Segment Open

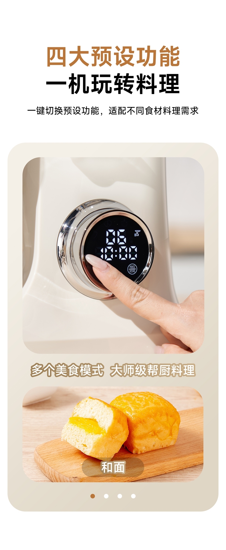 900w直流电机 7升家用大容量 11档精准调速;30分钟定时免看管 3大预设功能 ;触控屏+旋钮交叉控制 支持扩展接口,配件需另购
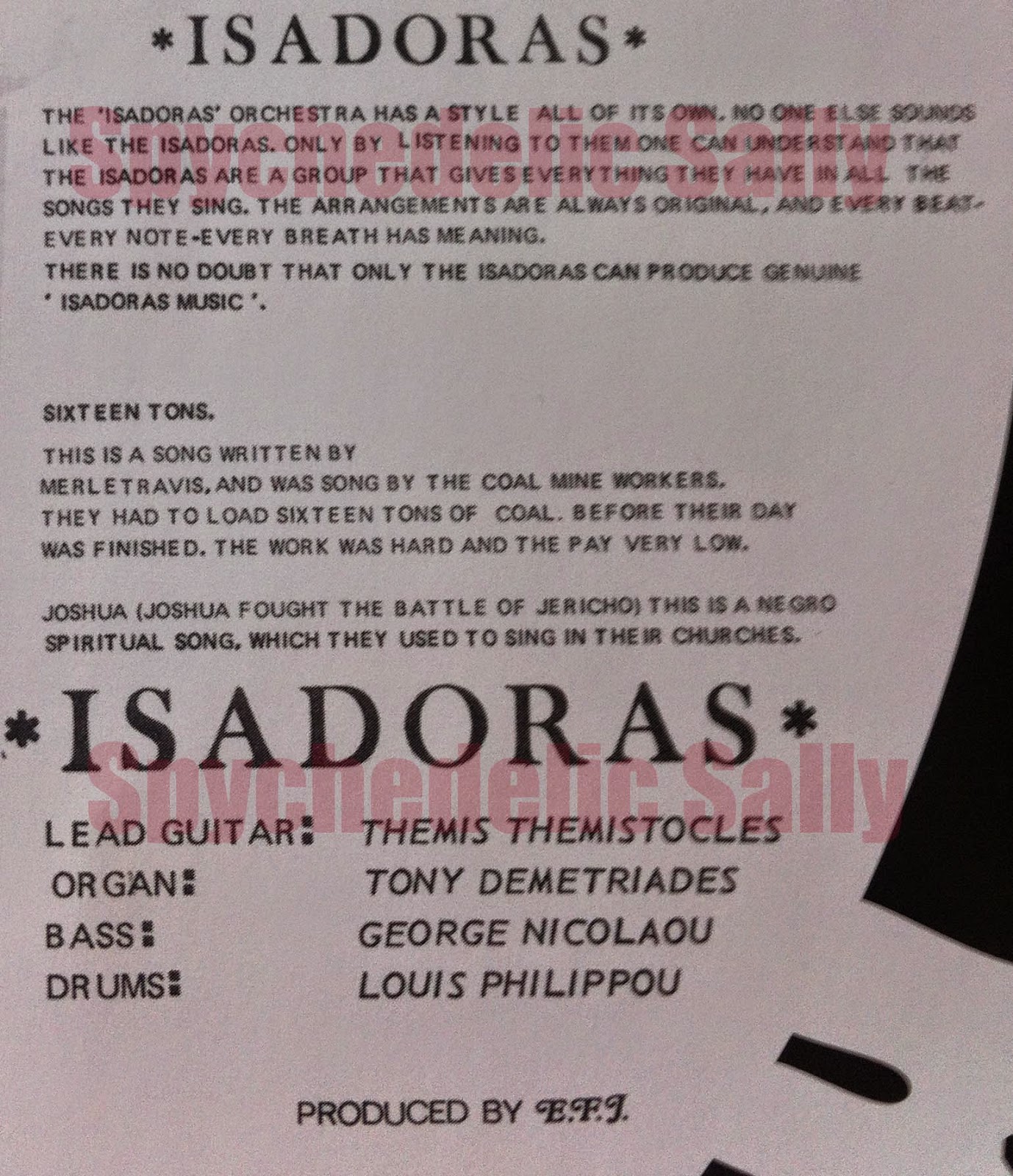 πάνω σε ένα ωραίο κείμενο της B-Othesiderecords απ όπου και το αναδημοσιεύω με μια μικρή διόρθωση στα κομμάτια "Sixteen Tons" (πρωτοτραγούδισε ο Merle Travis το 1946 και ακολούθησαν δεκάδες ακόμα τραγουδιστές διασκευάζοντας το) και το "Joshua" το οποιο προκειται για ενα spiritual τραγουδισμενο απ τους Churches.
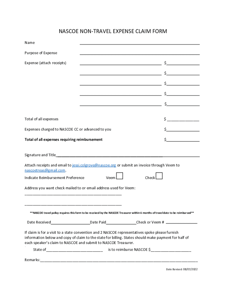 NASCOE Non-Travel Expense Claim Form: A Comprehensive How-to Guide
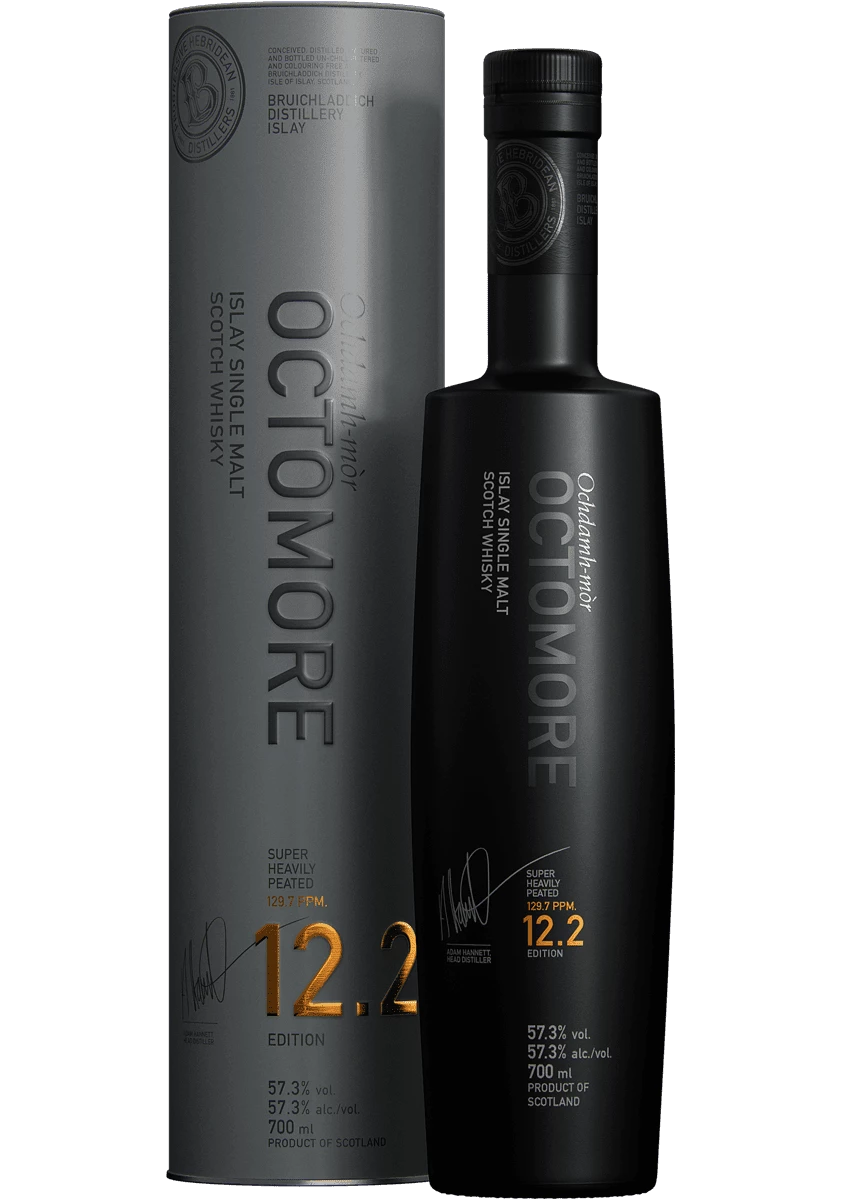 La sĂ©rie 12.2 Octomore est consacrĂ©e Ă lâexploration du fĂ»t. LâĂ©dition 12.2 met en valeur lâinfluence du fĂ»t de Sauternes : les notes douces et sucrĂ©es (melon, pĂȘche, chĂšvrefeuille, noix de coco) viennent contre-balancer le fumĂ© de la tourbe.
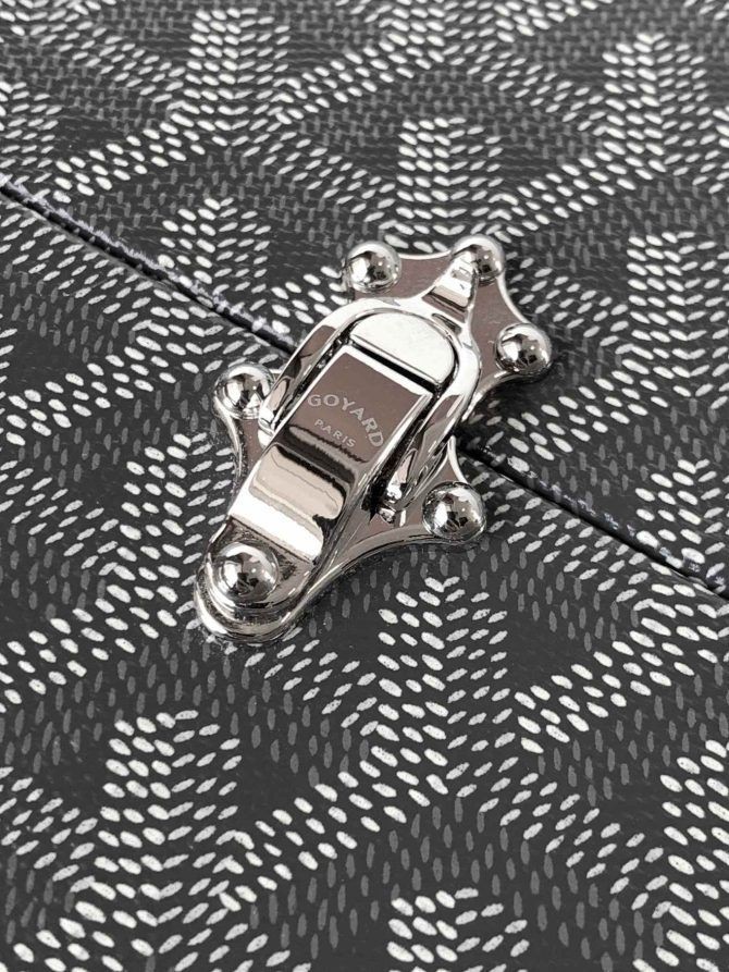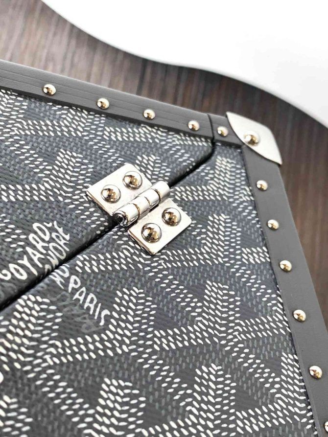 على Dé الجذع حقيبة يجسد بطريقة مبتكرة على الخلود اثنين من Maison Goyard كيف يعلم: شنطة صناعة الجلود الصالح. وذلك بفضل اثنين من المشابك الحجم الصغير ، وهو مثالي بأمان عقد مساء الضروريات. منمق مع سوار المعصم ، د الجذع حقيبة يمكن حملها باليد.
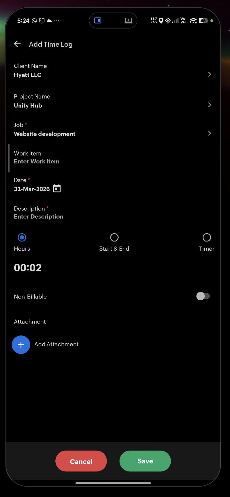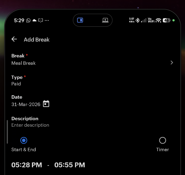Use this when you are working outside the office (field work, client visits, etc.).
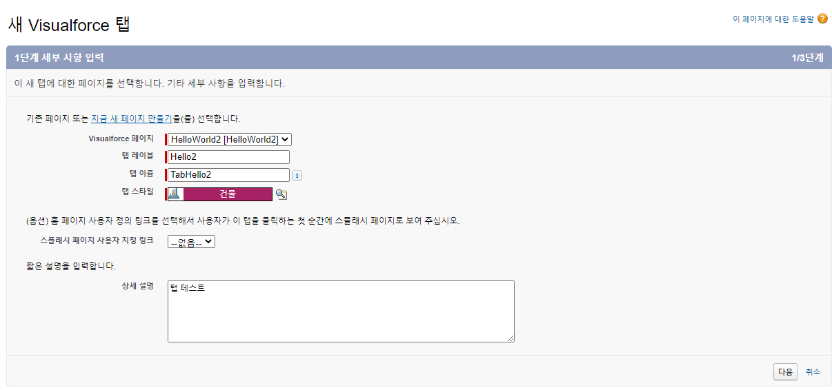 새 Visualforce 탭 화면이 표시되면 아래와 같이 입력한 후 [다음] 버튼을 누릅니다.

Segment Closed

→ **Task statement**:
Look for the line that contains "على Dé الجذع", then please copy it and the rest of the lines through the end of the data, pictures excluded.

→ **Written response**:
 على Dé الجذع حقيبة يجسد بطريقة مبتكرة على الخلود اثنين من Maison Goyard كيف يعلم: شنطة صناعة الجلود الصالح. وذلك بفضل اثنين من المشابك الحجم الصغير ، وهو مثالي بأمان عقد مساء الضروريات. منمق مع سوار المعصم ، د الجذع حقيبة يمكن حملها باليد.
Use this when you are working outside the office (field work, client visits, etc.).
 새 Visualforce 탭 화면이 표시되면 아래와 같이 입력한 후 [다음] 버튼을 누릅니다.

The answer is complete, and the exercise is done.